In the 17 patients, Continuous Performance Test performance significantly correlated with prefrontal volume (rs=0.59, p=0.01) and hippocampal volume (rs=0.69, p=0.002) but not with volume for the caudate (rs=0.55, p=0.02) or thalamus (rs=0.43, p=0.09) (adjusted significance level required, p=0.017). None of the correlations for the comparison subjects was significant. To control for potential correlations among brain structures influencing associations with performance on the Continuous Performance Test, we performed a multivariate regression with the four brain structures predicting Continuous Performance Test sensitivity. This analysis yielded a significant model (F=5.4, df=4, 12, p=0.01) and R2=0.64. Most of the total variance was due to hippocampal volume (partial R2=0.28, df=1, p=0.05) and prefrontal cortical volume (partial R2=0.23, df=1, p=0.08). However, given the relatively small number of subjects, these results should be interpreted cautiously. Finally, there were no significant differences in the dependent variables between the medicated and unmedicated patients.
DISCUSSION
These results suggest that abnormalities in the frontosubcortical neuroanatomic circuit
(1), particularly in the prefrontal cortex and hippocampus, are associated with impaired attentional functioning in patients with mania. Perhaps there are pathophysiologic abnormalities in this neuroanatomic circuit that underlie both the affective symptoms and associated attentional dysfunction in bipolar disorder.

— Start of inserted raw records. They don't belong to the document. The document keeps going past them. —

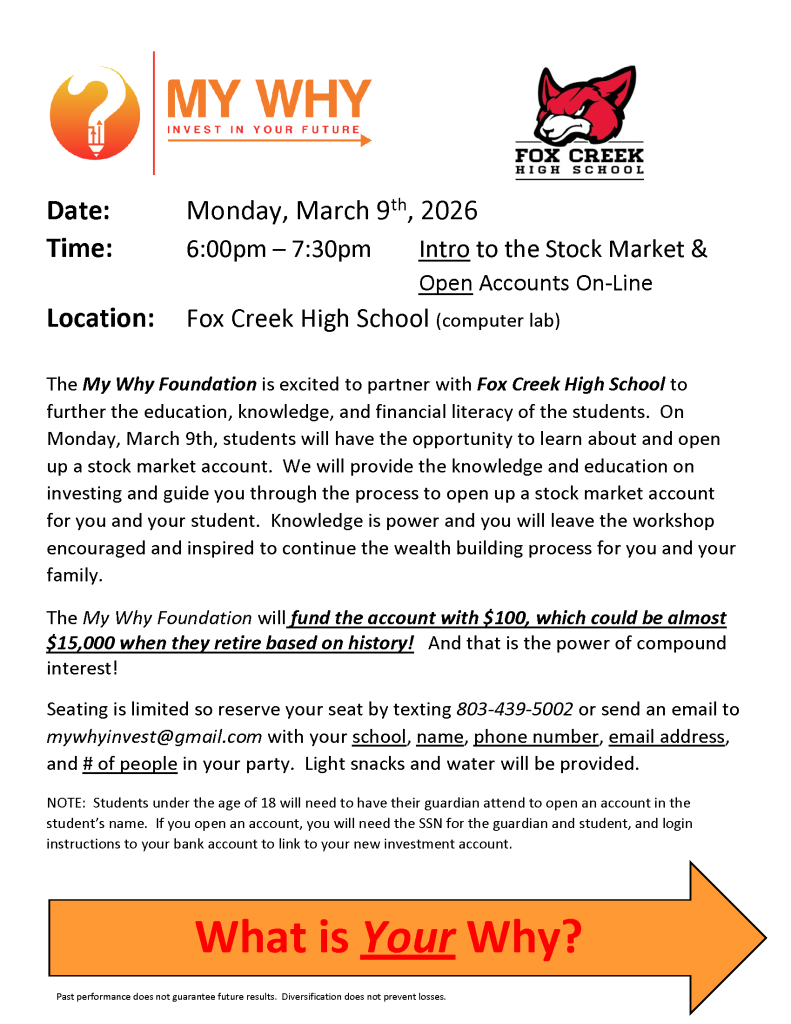 The My Why Foundation is excited to partner with Fox Creek High School to further the education, knowledge, and financial literacy of the students on March 9th, 2026!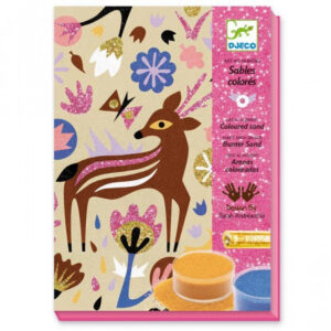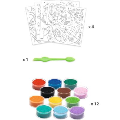 – Il bambino posiziona il suo dipinto nella scatola, rivela le zone preincollate, quindi le cosparge di sabbia seguendo il codice colore indicato nel libretto.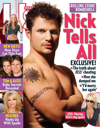 Memo to Tom. Son, you NEED to hire Nick"s publicist. Because never was a PR strategy so brilliantly conceived. So while my sources still maintain that Nick was the one who wanted out of the marriage for obvious reasons (his ex wife is a giant hole), reinventing himself as the man who adored his bride, who continues to adore her still, is absolute grade A spin at its finest. Oh - and by the way - he has a new album coming out. But you knew that already didn"t you? Here"s a tasty excerpt - Nick"s words of course - from the much talked about interview with Us Weekly/Rolling Stone: "It breaks my heart that I couldn"t make Jessica happy. I wanted to be everything to my wife. I wanted her to look at me with love in her eyes, the way she did at the beginning, and have her feel like I was the most wonderful, awe-inspiring man on the planet. And when that stopped, it was the worst feeling in the world. I"d marry her all over again. Because I still love her. It would be a lot easier to walk away if I didn"t." Basically what every woman wants to hear…right? Well, then he goes for even more gold. Turns out - Nick ain"t greedy! "There was a prenup drawn up by my business manager. There was some question as to her spending habits. It was a way to protect me. She said she didn"t want to sign it, and that was the end of it. We"ve always been a what"s-mine-is-hers situation. I haven"t requested alimony at all. I have no intention of filing for spousal support. And I"ve been clear with Jessica about not wanting it." And it just keeps on going. Next up: Nick has class! With a few tasteful and gracious comments even for Papa Joe thrown in for good measure: "I don"t know if there were other men. But if she did cheat, it was the result of something bigger, not the reason we didn"t work out. (If I) found her in bed with a guy, that would be clear cut. End of story. I wouldn"t have to deal with the uncertainty of adultery. (Regarding Joe) It would be easy for me to blame my divorce on him. That would be convenient. But at the end of the day, Jessica is a grown woman and she made her own decision." Now y"all know I"m a cynical bitch but even I swooned a little, although I am choosing to overlook the part where he breaks down in tears. Granted, I"m not the kind of girl who gets all sniffly at the sight of babies and kittens, but COME ON. Crying for a journalist from Rolling Stone??? Sorry gossips, but that"s just a little too Jennifer Aniston for my taste. Still... overall... I think it was a fantastic performance - the kind of performance that guarantees at least 2 years of nonstop celebrity AND civilian p*ssy and, quite possibly, some actual hope for his CD. And THAT, my friends, is why you call Ken Sunshine.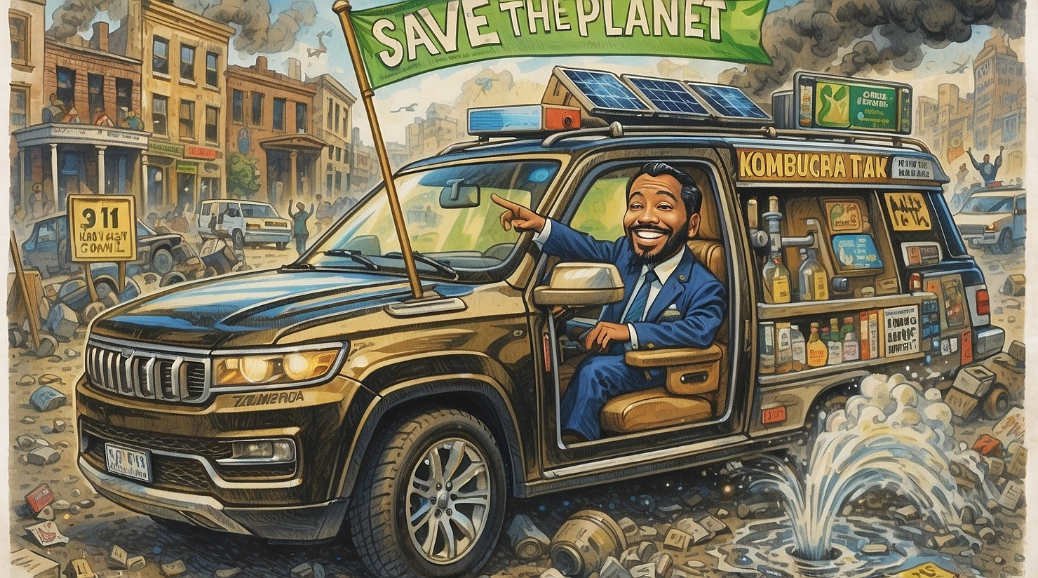 The Wagoneer now boasts a rooftop kombucha tap, a climate-poetry sound system that whispers “net zero” at stoplights, and a retractable “Save the Planet” banner that deploys every time the engine gulps premium fuel.

This study has several limitations. First, medication effects may have influenced the results. Studying a larger group of never-medicated patients would clarify this issue. Second, the study group was relatively small. Replicating this finding in a larger groups of subjects is necessary. Third, the symptom and attentional measures were not obtained on the same day as the MRI scan. Fourth, while the measurement of the prefrontal cortex is acceptable, it does not anatomically correspond directly to this region. Finally, brain structures or processes not examined may be responsible for the associations found.